We must make it easy for employers to engage with schools.  In many countries, intermediary organisations – especially where they are overseen by organisations that represent schools, employers and people in work help to make engagement happen.  The biggest challenge is identifying people in a community willing to consider helping a local school.  Working through existing organisation structures such as professional bodies and trade unions aids the process.  Ultimately however, it is important that schools stay in the driving seat.  They are closest to the students and best understand their needs.  They are uniquely placed to understand make sure that the right students engage in the right activities at the right time.  Effective employer engagement should not suggest any failing of the education system but will act to enrich and enhance it by providing additional resource.
 
And what actions correspond to families to help adolescents to reflect, explore and experience the world of work?

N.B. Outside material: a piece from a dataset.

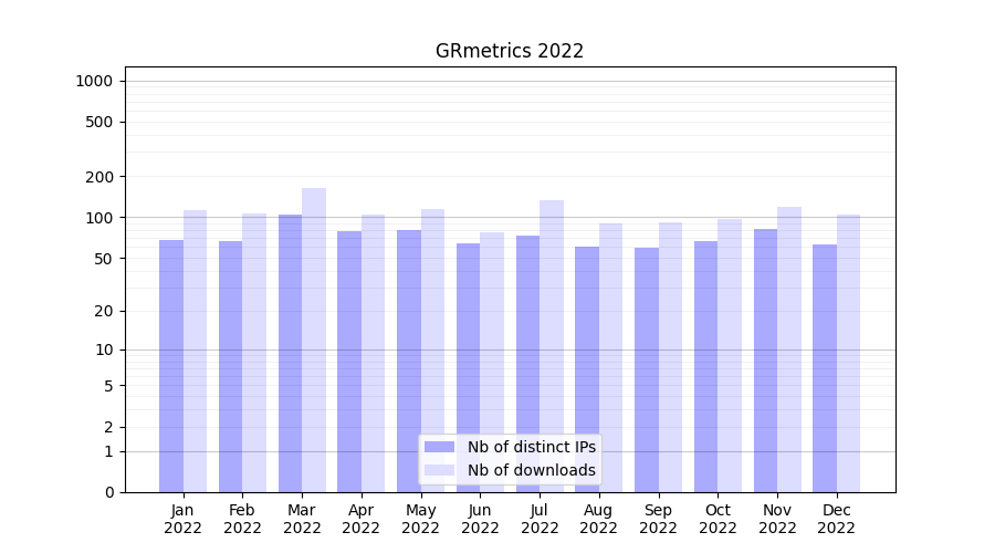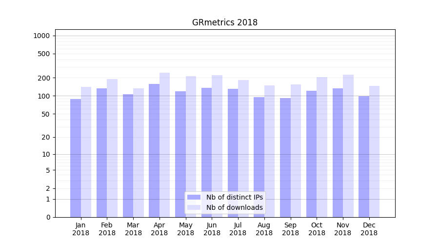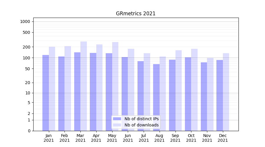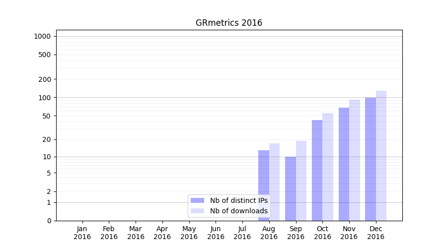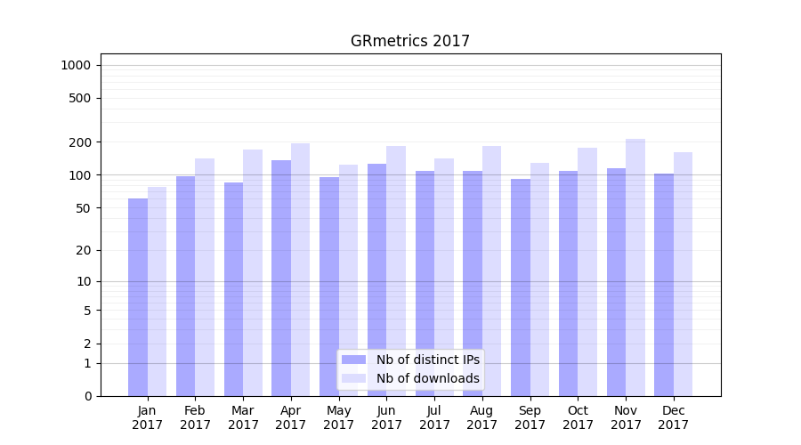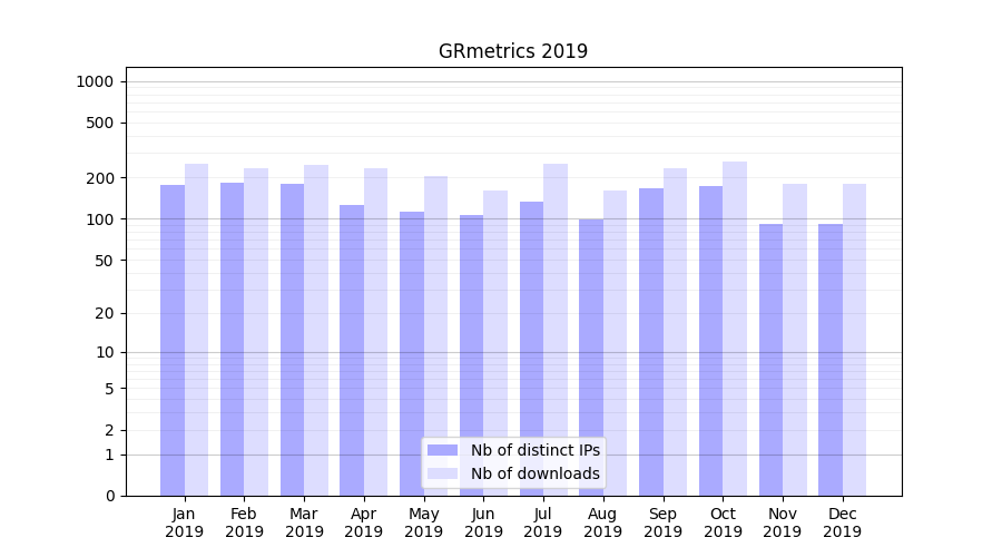 Number of downloads for software package GRmetrics, year by year, from 2025 back to 2014 (years with no downloads are omitted):

One of the most interesting findings from the OECD study relates to career conversations.  We find that students who say that they talk to teacher, friends, and family members about jobs they are interested in do better later on in adult work.  Two things could be happening here.  On the one hand students could be gaining access to new information that proves useful to their progression.  This may happen, but it may be more likely that a second factor applies.  Students who engage in such conversations show that they are actively exploring potential futures in employment.  Here families are very important in encouraging a culture of curiosity. Families will vary considerably in the extent to which they have access to specialist knowledge directly or through their social contacts.  Where they can help in this way, it will be of real benefit to help students exploring potential futures for themselves.
 
However, not all families will be able to help in such ways.  Therefore schools are so important.  They are the democratic, public institution that allows all students to explore and experience possible futures in employment in a supported environment.  Schools can draw on parental support by bringing parents into school to talk about their jobs and careers and encouraging wider support for students through activities like job shadowing or interview practice.  Here it is important to value the range of occupations that parents undertake.  Relying on parents alone however runs risk as schools can often draw students from relatively distinct social groups and effective guidance will attempt to broaden aspirations and interest.
 
Which countries do you consider are referents in the field of career guidance and that value the evaluation of their career guidance programs to improve them?
 
Because of the limitations of the data – by no means did every longitudinal survey asked all the questions that we were interested in – it is impossible to provide a full comparison of countries.  However, one country did stand out: Canada.  The Canadian longitudinal survey that we looked at asked 15-year-olds a very wide range of questions about their participation in career guidance, their experiences in workplaces and what they were thinking about their potential futures in work – and routinely these aspects of teenage lives could be linked to better employment outcomes ten or fifteen years later.  As with all longitudinal datasets, inevitably the data from Canada is old.  The students we looked at were 15 in the year 2000.
 
Canada is not alone in promoting a highly professional workforce in career guidance.  Well-trained guidance counsellors have a vital role to play in the lives of young people through their direct interactions with students and by creating programmes that allow them to imagine and prepare for future lives.  Here, a culture of experimentation and constant evaluation is as valuable as it is on other school disciplines.  In this way, counsellors are well placed to build upon a growing body of international research that highlights the critical importance of their profession.